Bourbaki and foundations
dkapa at Academyofathens.gr
Wed May 18 21:43:54 EDT 2022
FOR THE THREAD BOURBAKI AND FOUNDATIONS
In the initial post by Michael Sheard which generated this very rich and interesting thread, there is a certain ambiguity that begs for clarification. Let me explain what a mean, by an example. So, one question is (I quote):
“How widespread was the belief that category theory is an obviously better foundation for mathematics than set theory, among mathematicians in 2006 (when the book was published)?”
Now, “foundation” above can have two meanings. It might mean either (i) the foundational toolkit the mathematician should better work with or (ii) the domain of objects, one can reduce (try to reduce) all mathematical objects to.
These two are obviously not the same. For example. One can reduce (make an effort to reduce) all mathematics to set theory, but one can hardly expect from an expert of, e.g., analysis to employ ZFC as her toolkit, when proving theorems.
There are several similar analogies that make the same point.
Let me make one in the form of two questions.
Some logicist could probably say that all mathematics can be reduced to set theory. Would she also opt for all mathematical theorems she proves to have the shape of theorems of ZFC? On the other hand, someone who feels well at ease in category theory, would she also claim that all mathematical objects can be reduced (in the logicist sense) to categories?

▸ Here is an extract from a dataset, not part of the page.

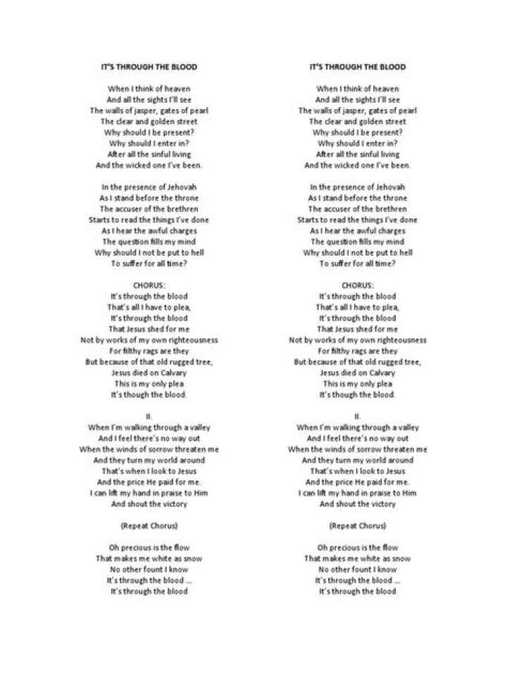 It's through the blood That's all I have to plea It's through the blood That Jesus shed for me Not by works of my own righteousness For filthy rags are they But because of that old rugged tree Hanging on dark Calvary That is my only plea It's through the blood When I'm walking through a valley And I feel there's no way out The wind of sorrow ...Lyrics Through the Blood - musixmatch.com

From: FOM <fom-bounces at cs.nyu.edu> on behalf of Michael Sheard <msheard at stlawu.edu>
Date: Monday, 9 May 2022 - 2:58 AM
To: fom at cs.nyu.edu <fom at cs.nyu.edu>
Subject: Bourbaki and foundations
I recently read the book "The Artist and the Mathematician," which is Amir Aczel's "biography" of Nicolas Bourbaki. In the concluding chapter, we find this passage:
"Bourbaki lost an incredibly important opportunity to remake its oeuvre in the new form of the theory of categories, something that would have better suited the study of structures than did the old theory of sets with its myriad problems and inadequacies. ... Bourbaki had a chance, through the work of Grothendieck and his students, to refound modern mathematics on the theory of categories, but Bourbaki missed that chance. In part, this missed opportunity led to the demise of Bourbaki. For mathematics remained based on a flawed system, set theory, rather than something that would have been much more appropriate. ..."

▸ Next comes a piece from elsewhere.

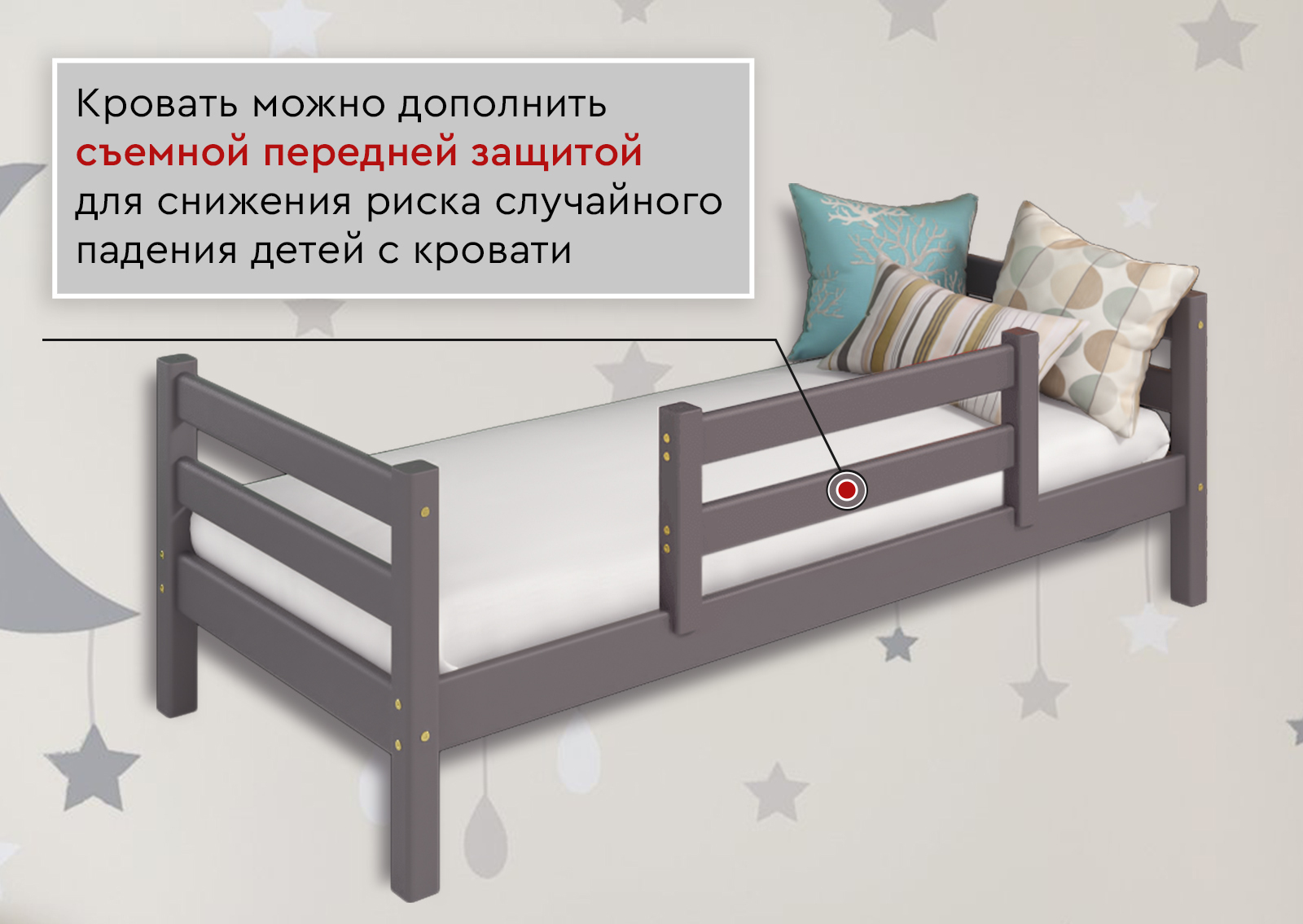 Кровать можно дополнить съемной передней защитой для снижения риска случайного падения детей с кровати. Матрас и выдвижные ящики приобретаются отдельно.

Earlier, Aczel had already said that Bourbaki's "greatest error" was "letting Grothendieck go and disagreeing with his vision for the future of mathematics" -- specifically, its unwillingness to revise its earlier volumes in order to replace set theory, a "discipline full of theoretical holes," with category theory, which "does not suffer from the inherent limitations of set theory," as the foundation of mathematics.

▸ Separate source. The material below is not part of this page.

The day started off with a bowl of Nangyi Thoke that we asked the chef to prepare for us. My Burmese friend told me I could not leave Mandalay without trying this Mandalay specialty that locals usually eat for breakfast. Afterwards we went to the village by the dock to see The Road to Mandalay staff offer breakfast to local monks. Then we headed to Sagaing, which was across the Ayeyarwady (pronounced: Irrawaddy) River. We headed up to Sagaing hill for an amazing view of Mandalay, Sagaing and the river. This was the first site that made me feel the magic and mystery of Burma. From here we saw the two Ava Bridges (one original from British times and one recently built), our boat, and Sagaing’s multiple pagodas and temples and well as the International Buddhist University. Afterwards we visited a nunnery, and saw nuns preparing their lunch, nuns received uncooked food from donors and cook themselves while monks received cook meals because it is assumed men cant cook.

Although much of my work is in set theory, I am open to the possibility that category theory could serve as a better foundation for mathematics in its full scope than set theory. I just do not feel that I have ever seen much evidence for that proposition. So, I would be very interested to hear reactions to any or all of the following questions:
(1) How widespread was the belief that category theory is an obviously better foundation for mathematics than set theory, among mathematicians in 2006 (when the book was published)?
(2) How widespread is this belief today?
(3) What is your position on this belief?